11-07, 10:55–11:35 (US/Eastern), Central Park West
“Have you tried <insert a DataFrame Library>? It will change everything!” ~ My enthusiastic colleagues every other week.
The DataFrame landscape has never been more exciting, from mature libraries like pandas, Dask, and PyArrow, to newer ones like Polars, DuckDB, and Ibis. Let’s get past the hype and evaluate contexts and domains where they excel—whether it’s efficient eager execution, single machine performance, or large-scale data processing.
Whether you're a data scientist optimizing trading algorithms, a researcher crunching geospatial data, or a developer building scalable data pipelines, we have plenty of DataFrame libraries to choose from: pandas, Polars, Dask, PyArrow, DuckDB, Modin, Vaex, etc. pandas is the most popular and familiar, while a library like Polars can significantly speed up single-machine workflows. How do you decide, though?
In this talk, we’ll understand the unique capabilities offered by each library and the specific use-cases they are tailored for. In addition to some objective third-party benchmarks, we’ll look at other important verticals like history and design philosophy, maturity and community support, domain-specific capabilities and compatibility, and how the libraries handle large datasets. We’ll also briefly discuss some libraries and initiatives that focus on compatibility between libraries, like Ibis for end users, and Narwhals and Data APIs consortium for library developers.
This talk is intended for data professionals who just want to use the best tool for their work. We hope to provide an overview of the current DataFrame landscape and help you decide to try out a new tool or stick with the one you already use.
No previous knowledge expected
Dharhas Pothina is the CTO at Quansight where he helps clients wrangle their data using the pydata stack. He also leads the development teams for the Nebari, Conda-Store and Ragna open source projects.
His background includes expertise in computational modeling, big data/high performance computing, visualization and geospatial analysis.
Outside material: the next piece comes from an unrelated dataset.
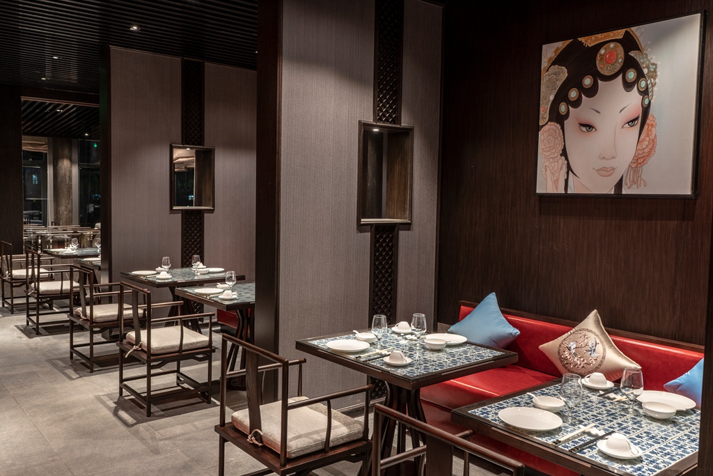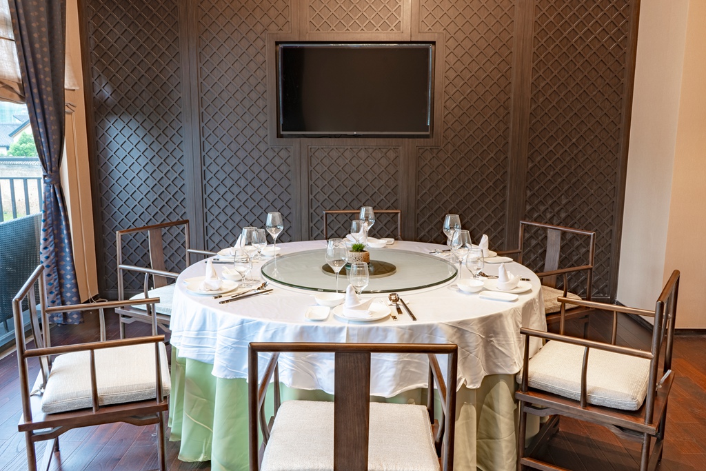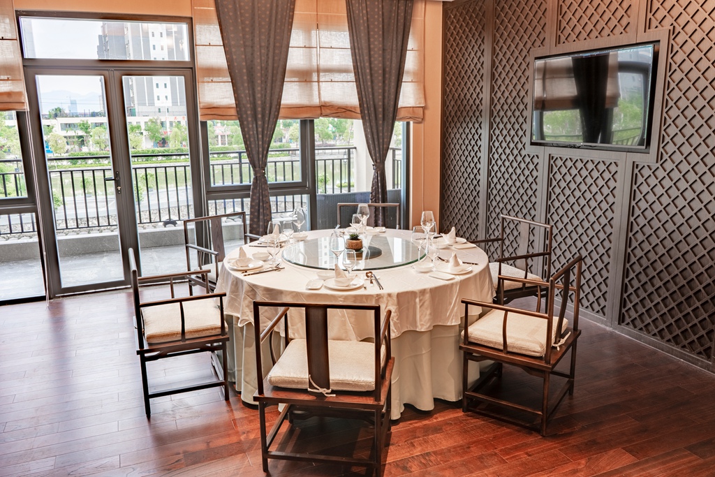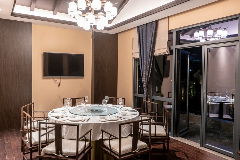 包厢置于自然的怀抱之中,食客便拥有了广阔的视野。同时,窗外郁郁葱葱的景致成为一道天然的背景。站在包厢的阳台,便可远眺那得以新生的“老屋围”。
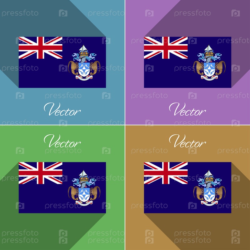 Флаги Тристан-да-Кунья. Набор цветов плоский дизайн и длинные тени. Вектор

Prior to his current position he worked for 15 years in state and federal research labs where he led large multi-disciplinary, multi-agency research projects.
He holds a PhD in Civil Engineering and an MS in Aerospace Engineering from the University of Texas at Austin and a BTech in Aerospace Engineering from the Indian Institute of Technology Madras.
Dharhas is passionate about enabling scientists and engineers with tools that let them scale as well as share their analyses, he loves woodworking, photography and teaching his daughters to love science.